В наэлектризованном зале раздались аплодисменты, взрывы хохота. Девушка позеленела; одной рукой она шарила в кармане под фартуком, но вдруг он схватил ее за талию, сжал жадным объятием, стиснул губы бешеным поцелуем и, глядя друг другу в глаза, с еще влажными губами, крепко сцепившись, переплетясь ногами и тесно прижимаясь друг к другу — она, все прощая, со смешком польщенной женщины, он — гордый и манящий сердцеед — вальсировали и вертелись, горделиво афишируя наконец заключенный мир, на глазах у всех страстно желая друг друга.
«Негодяй красив, — прошептал Эталь мне на ухо, — девчонка не соскучится нынче ночью».

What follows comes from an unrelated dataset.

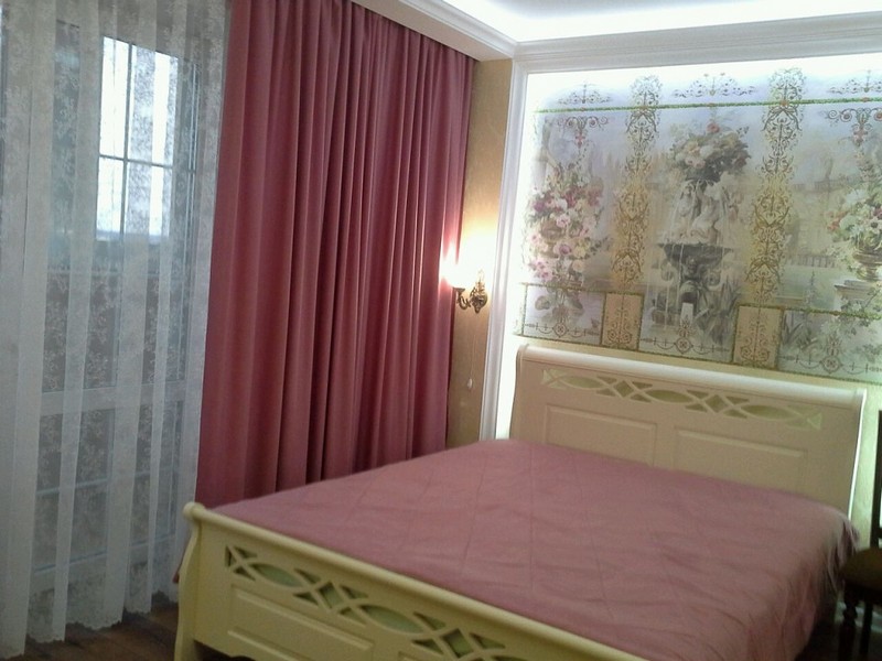 Розовый цвет выступает некоторым возбудителем. Яркие цвета не рекомендуется вешать в спальне – месте отдыха и спокойствия. Однако, если выбрать комбинированный вариант, как тюли светлого цвета, а шторы с ярким розовым оттенком, комната будет казаться богато украшенной.
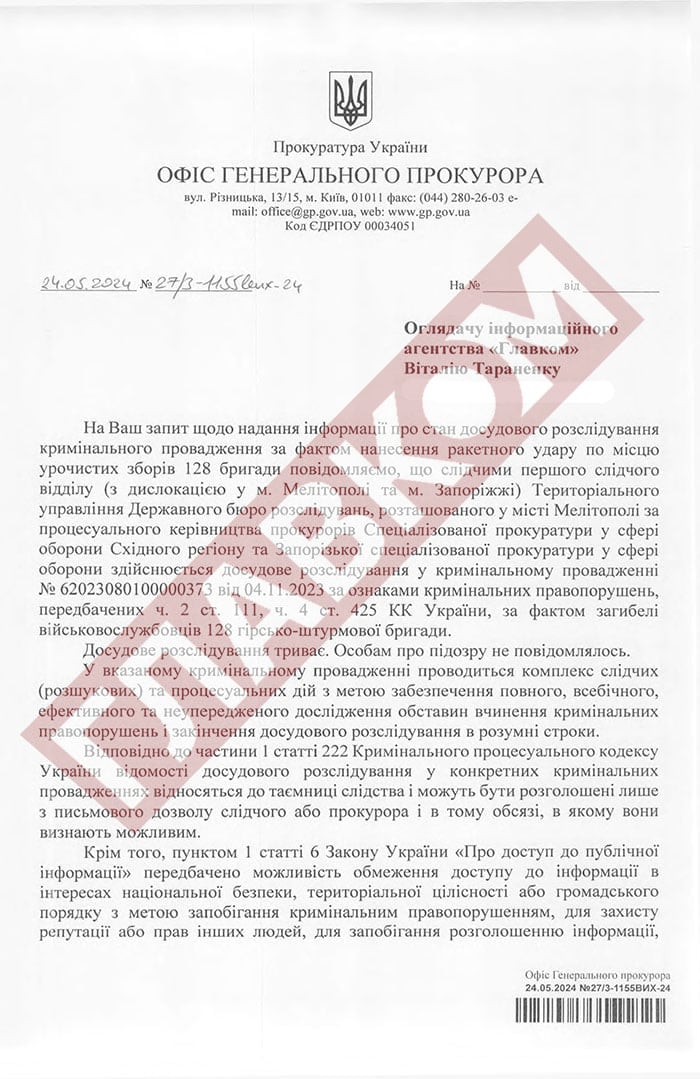 Об этом говорится в ответе Офиса генпрокурора на информзапрос издания "Главком".

Я вздрогнул, — его голос словно пробудил меня от сна. Острый и блестящий взгляд Эталя вонзился в меня, словно лезвие, я чувствовал, как вошло в меня его холодное острие; он наблюдал за моим настроением, знал мое желание вплоть до бессознательного волнения, пробужденного во мне этой сценой и этим малым… И я почувствовал, что во мне клокочет ненависть — ненависть к Эталю и к любовнице этого негодяя!
И это — обещанное мне исцеление… Я боюсь этого англичанина, его голос пробуждает во мне гнусные представления, его присутствие угнетает меня, движения вызывают мерзостные образы.
20 июля. — Эталь уехал. В понедельник его отозвали в Брюссель письмом; этот спешный отъезд был вызван продажей картин и эстампов. Он должен был вернуться на третий день. Самое позднее — в четверг. И вот уже больше недели, что он сидит там, то и дело возвещая мне о своем возвращении лаконическими телеграммами; но телеграмм на моем столе уже целая грудка, а мой друг все еще не возвратился.
Какое место он занял в моей жизни, как мне его не хватает! Его присутствие сделалось мне так необходимо, что со времени его отъезда какой-то голод терзает меня, раздирает мое существо. Это положительно ощущение голода, и в то же время я задыхаюсь и изнемогаю. И, однако, я чувствую, что боюсь и ненавижу этого зловещего англичанина.
25 июля. — Три невесты Торопа. Это мне прислал Эталь — чрезвычайно редкая гравюра, которую он купил на этой продаже и которую послал мне вместе с письмом, возвещающим его приезд в понедельник. Через три дня! Да ведь это выйдет две недели.
Тороп, Ян Тороп, мне знакомо это имя; он очень известен в Голландии. Три невесты.
Это какая-то квази-монашеская чертовщина: среди пейзажа, наполненного лярвами, свивающимися, кривляющимися, словно туча пиявок, встают под звон колоколов три призрачные женские фигуры в саванах из газа, подобные испанским мадоннам. Три невесты. Невеста Неба, невеста Земли и невеста Ада… И у невесты Ада — с двумя змеями, извивающимися на висках и придерживающими покрывало — самый привлекательный образ, самый глубокий взор, самая обаятельная улыбка.
Если бы она существовала, как бы я полюбил эту женщину! Как я чувствую, что эта улыбка и этот взгляд в моей жизни означали бы исцеление!
Я не устаю рассматривать и изучать обаятельное лицо. Три невесты — очень странная вещь в деталях и композиции: здесь фантастика и мечта переданы с изумительной изысканностью; здесь смешивается манера Гольбейна и видение курильщика опиума.
«Это католицизм азиатов, — пишет мне Эталь в своем письме, — ужасный, кошмарный католицизм, объясняющийся тем, что этот голландец Тороп — по рождению яванец. Я знаю, что вам понравится этот Тороп.